- Born: c. 1470
- Died: 14 July 1535
- Noble family: Lev of Rožmitál
- Spouse: Kateřina Švihovská of Rýzmberk
- Father: Jaroslav Lev of Rožmitál

= Zdeněk Lev of Rožmitál =

Czech hofmeister and politician (1470–1535)

Zdeněk Lev of Rožmitál (Zdeněk Lev z Rožmitálu, Zdeniek Lev von Rosental; c. 1470 – 14 July 1535) was a Bohemian nobleman. He belonged to the estate of the Lords (páni), the highest rank of the Bohemian titled nobility, and held the offices of High Judge and High Burgrave of Prague. He was a member of the aristocratic Lev of Rožmitál family and was one of the most influential noblemen in the country during the reign of Kings Vladislaus II and Louis II.

== Life ==
His father, Jaroslav Lev of Rožmitál, was a brother-in-law of King George of Poděbrady.

Zdeněk belonged to the Catholic party in the Czech peerage. When he was 26 years old, he took part in public negotiations with the Hungarian king. From 1498 to 1504 he was a viscount of Karlštejn. In 1504, he was appointed the High Court Judge of the Kingdom of Bohemia and 1507 he was finally appointed as High Burgrave of Prague.

In this position, Zdeněk administered Bohemia, as King Vladislaus II spent most of his time in Hungary. He primarily represented the interests of the Catholic peers. His aim was to expend their rights and privileges, at the expense of the rest of the nobility. His opponents accused him of deceit, injustice and cruelty. As administrator of the royal domain, he was also accused of avarice. However, historians have described him as a righteous man, who primarily demanded that his officers do their duty.
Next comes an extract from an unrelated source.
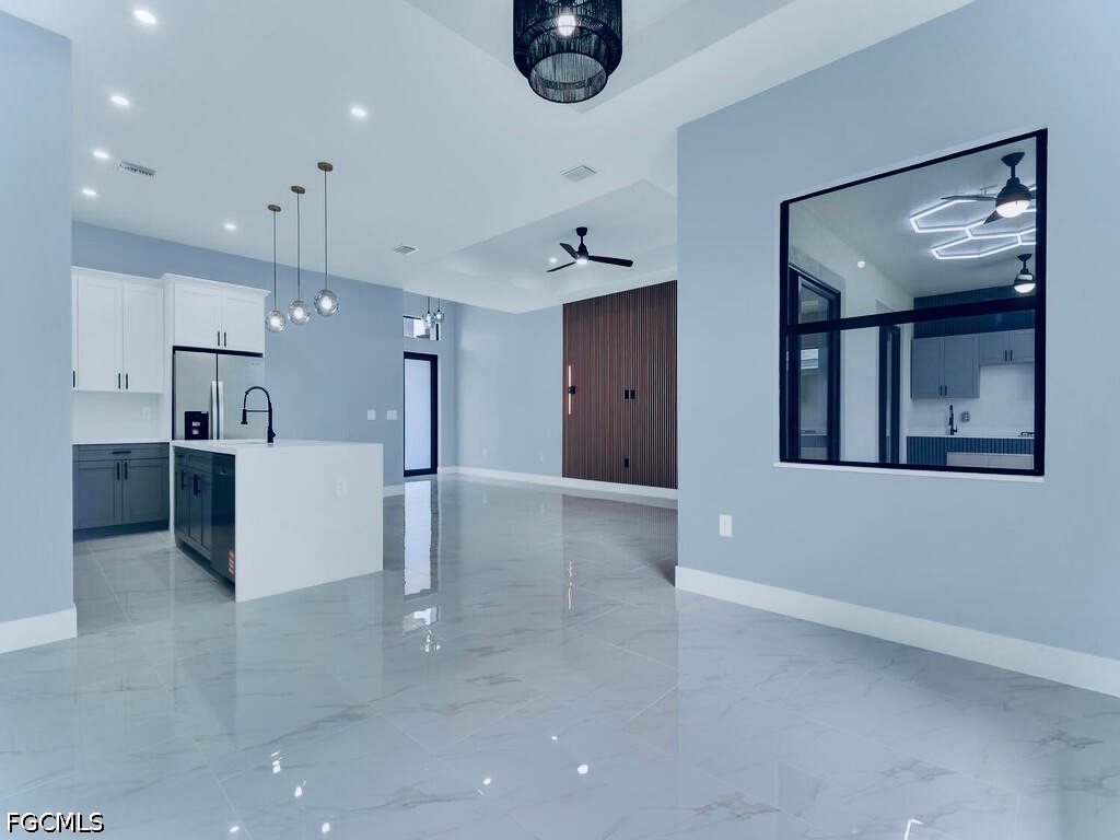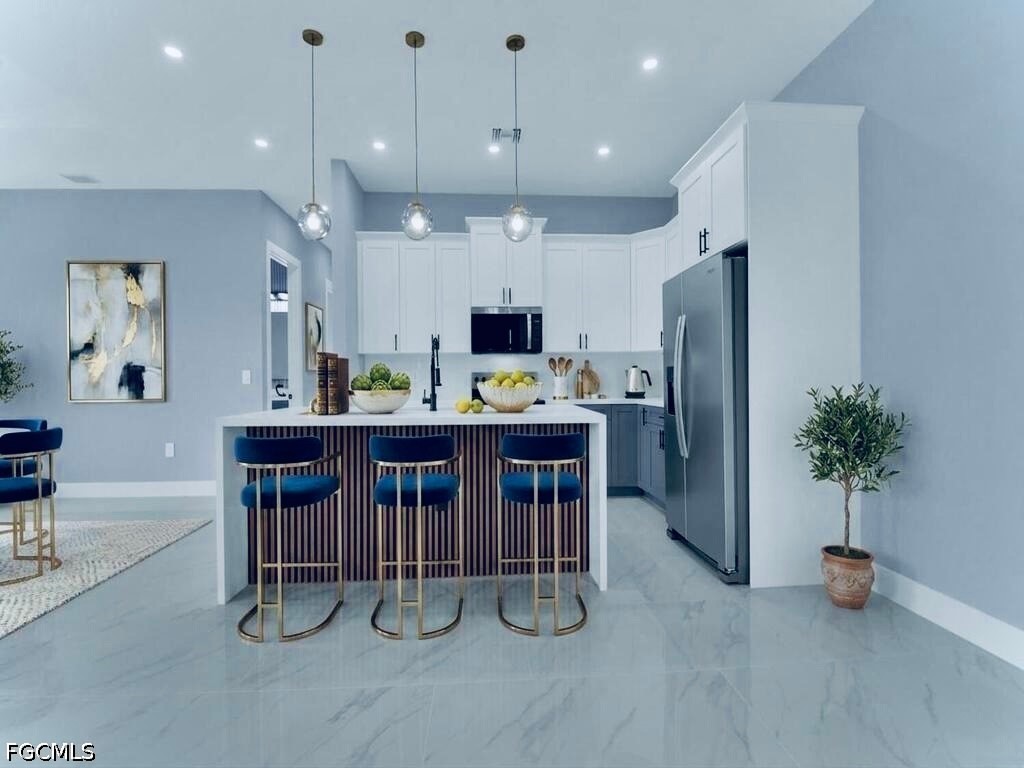 The home highlights impressive oversized porcelain tile throughout, gorgeous QUARTZ rainfall countertops & backsplash, and an inviting illuminated ACCENT wall. The kitchen boasts STAINLESS STEEL appliances and admirable two-tone SOFT-CLOSE SHAKER cabinets with crown molding.

In 1519, he was accused of embezzling state funds, and criminal proceedings were started. In 1523, he was forced to resign from his post as Supreme Burgrave of Bohemia. However, his successor lasted for only two years, and in 1525 he was re-appointed and some of his friends were also elevated to high office. In the meantime, the number of his Catholic enemies grew; in particular the House of Rosenberg turned against him, due to a dispute over the inheritance of Český Krumlov.

In 1526, Louis II fell in the Battle of Mohács, ending Jagiellon rule in Bohemia. Zdeněk was considered one of the candidates to succeed Louis II, although he was perhaps too old to be elected. Other possible candidates were Duke Charles I of Münsterberg-Oels and Duke Frederick II of Legnica. However, it soon turned out that the Estates preferred Ferdinand of Habsburg, who became Emperor as Ferdinand I. Zdeněk also supported Ferdinand's election. Unlike his predecessor, Ferdinand did not allow himself to be influenced by Zdeněk.

In 1528, Zdeněk again had to resign as High Burgrave. From then on, he concerned himself solely with the administration of his properties at Horní Blatná, Rožmitál, Velhartice, Klenová, Opálka, Lysá, Mšeno, Chbany, Zdechovice, Rýzmberk, Skály and Poděbrady. During this period, his large fortune melted away, as he lived beyond his means, maintaining a large court and organizing numerous feasts. After his death, his inheritance was annihilated by his outstanding debt.

== Marriage and Sale of Rožmitál ==
Zdeněk was married to Kateřina Švihovská of Rýzmberk (d. 1540). They had a daughter, Anna (d. 1563), who married Adam I of Hradec. Adam died of the plague in 1531. Her sons Adam and Zdeněk were Zdeněk's heirs. However, they were unable to pay off his accumulated debts. In 1550, their creditors sold Rožmitál to Florián Gryspek of Griespach, who became the next Lord of Rožmitál. Zdeněk's heirs then moved to Moravia.